Over the past week, which saw students in Ontario return to school buildings, Ottawa parent Katya Duhamel has been regularly updating a website with the number of positive COVID-19 cases among students and staff. She does so once in the morning, again for a few minutes during her lunch break, and then after she tucks her six-year-old into bed for the night.

Ms. Duhamel, who works in information technology, created the tracker in her city that allows families to self-report COVID-19 symptoms or confirmed cases in their children’s schools or daycares.

While she continues with her efforts, the provincial government has abandoned notifying families of COVID-19 infections in schools.

“I’m not a health professional. I’m not an expert. But I feel like this is information everybody has a right to know: the educators, the bus drivers, the people who are going into the school, the students. I feel it’s critical that we have this information,” Ms. Duhamel said.

“It’s not right that they are not tracking this information.”

In recent days, parents in several parts of the province have shared information on COVID-19 school cases in Facebook groups and other social-media platforms. It’s not the first time they’ve stepped in to help keep their children safe: Last year, some parents organized rapid testing in their school communities. The Ontario government blocked those efforts, but recently made rapid tests available to staff and students.

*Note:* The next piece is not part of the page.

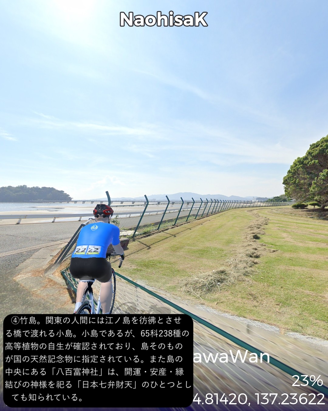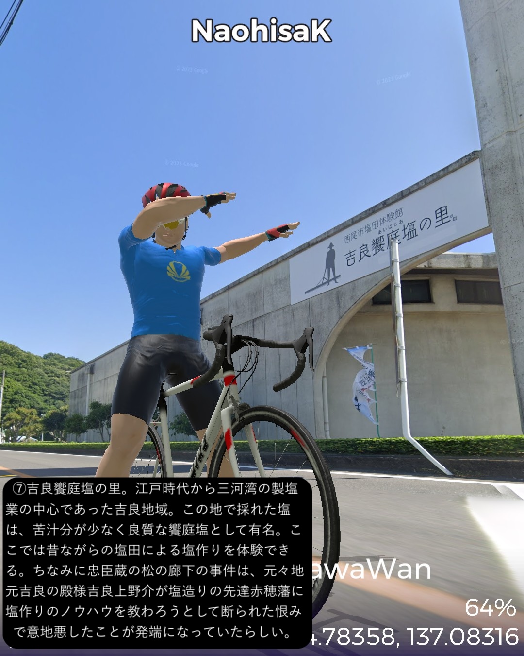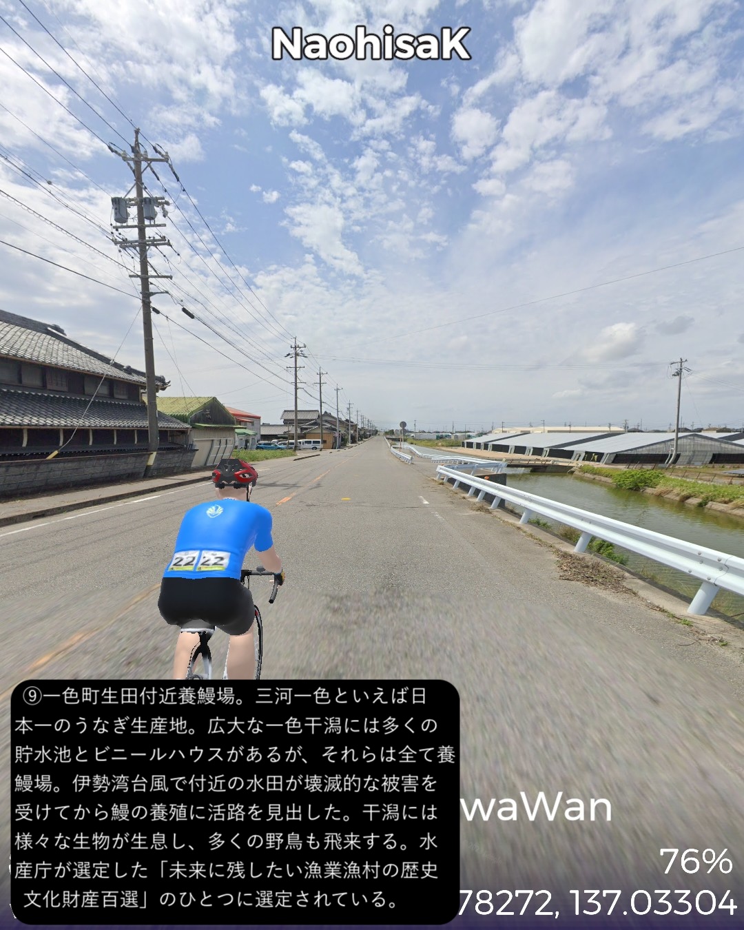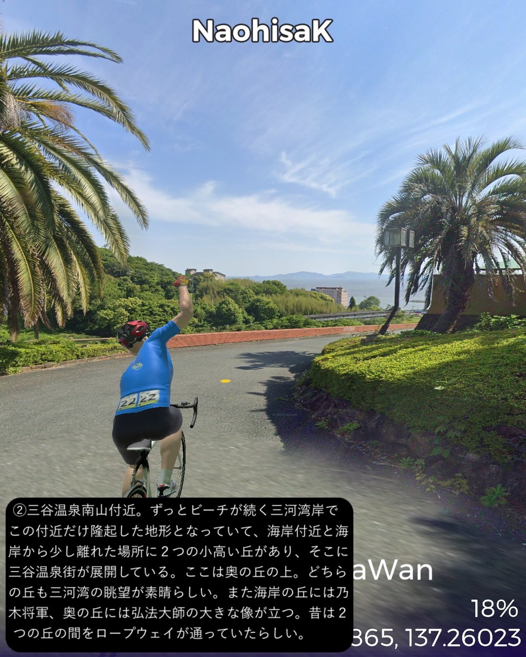 VRサイクリング、三河湾岸を巡るルート。姫街道と東海道の合流点御油追分をスタートし、三河湾岸へ向かう。三河湾国定公園の定番観光スポットを巡る道筋。ラグーナリゾート、三谷温泉、竹島を経て蒲郡市街を抜けて三ヶ根山に登って下り、吉良町を抜けてウナギの町一色町を回ってから内陸の城下町西尾の名鉄西尾駅をゴールとする57kmの行程。前半は古き良き海辺の観光地。特に三谷温泉から竹島の付近は昭和の頃から時が止まっているかのようなレトロな観光地の趣きが心に沁みる。三谷温泉や三ヶ根山からは陽光輝く三河湾の素晴らしい絶景が望めて気分が良い。一方で後半はガラッと変わって吉良町から一色町にかけて(どちらも行政区分上は西尾市であるが)干潟が広がり、干潟の奥に引っ込んでいる街並みは意外と歴史を感じさせる情緒が漂う。干潟の生み出す優れた特産品が数多くあり、海苔、アサリ、アオヤギ、塩、そして今や日本一の生産地となっている一色町の養殖ウナギ。吉良町は忠臣蔵で悪名高い吉良上野介の吉良家の領地で、実は塩田造りに関して先達である赤穂藩に技術的援助を断られてその腹いせに意地悪をしたところがどうやら発端らしい。そうか塩つながりの話だったのね忠臣蔵は。一色町に広がる干潟を少し走ってみたが、あちこちに貯水池とビニールハウスが点在し、これらが養鰻の環境となっているようだ。戦後の伊勢湾台風でこの地区の水田が壊滅的被害を受けたところから養鰻業に舵を切ったのが始まりらしい。さて次回は西尾から知多半島へ向かう。

The worry with parents tracking cases is that it could lead to “misinformation, misinterpretations, alienation of children and families,” said Susy Hota, medical director of infection prevention and control at Toronto’s University Health Network. Parents, unlike public health, are not trained in contact tracing.

Recent government policy changes means that more reliable PCR lab tests aren’t available to most students and staff. Schools are relying on rapid tests.

“I can understand wanting to know. … In the current landscape, I don’t know how you can possibly have accurate information about what’s going on,” Dr. Hota said.

She added: “The bottom line to me is if kids are sick and they’re staying home and isolating as they should, and their families are isolating as they should, that’s the most important thing.”

Under new Ontario guidelines, families will only be notified by public-health authorities when their school’s absence rate reaches 30 per cent. It is unclear if that threshold would trigger a school to close temporarily.

The province is no longer posting school COVID-19 cases on its website, and it does not require school boards to do so, either. Instead, it is reporting absence rates for students and staff, which parents and educators have said is not useful in assessing risk in classrooms. Adults and children could be absent for several reasons, including isolation because of illness or a religious holiday.

Caitlin Clark, a spokeswoman for Education Minister Stephen Lecce, said in a statement on Wednesday that the government wants students to remain in class, which is important to their academic achievement as well as their physical and mental health. She did not address why COVID-19 cases are not presented separately in the absence data.

Some school boards, including the Toronto Catholic District School Board and the Durham District School Board, have continued tracking COVID-19 cases on their websites. The Toronto District School Board said principals would notify families if there is a positive case in their child’s class.

Shameela Shakeel, a parent in York Region, has been tracking school cases since September, 2020, on her Facebook group, which has grown to 5,200 members. Families and educators fill out a form that she then pulls together into a database each night. Ms. Shakeel tries to report only confirmed cases. “None of us want schools closed. We want the schools safe,” she said.

Ms. Shakeel feels she is providing a community service that helps parents make more informed decisions about sending their children to school. The province’s absence data does little to inform families of COVID-19 cases, she added.

“With everything, a lot of burden has fallen on parents and educators and students to fill these gaps,” Ms. Shakeel said.

“On the one hand, I think it’s great that we have communities pulling together to do these things. But we shouldn’t have to.”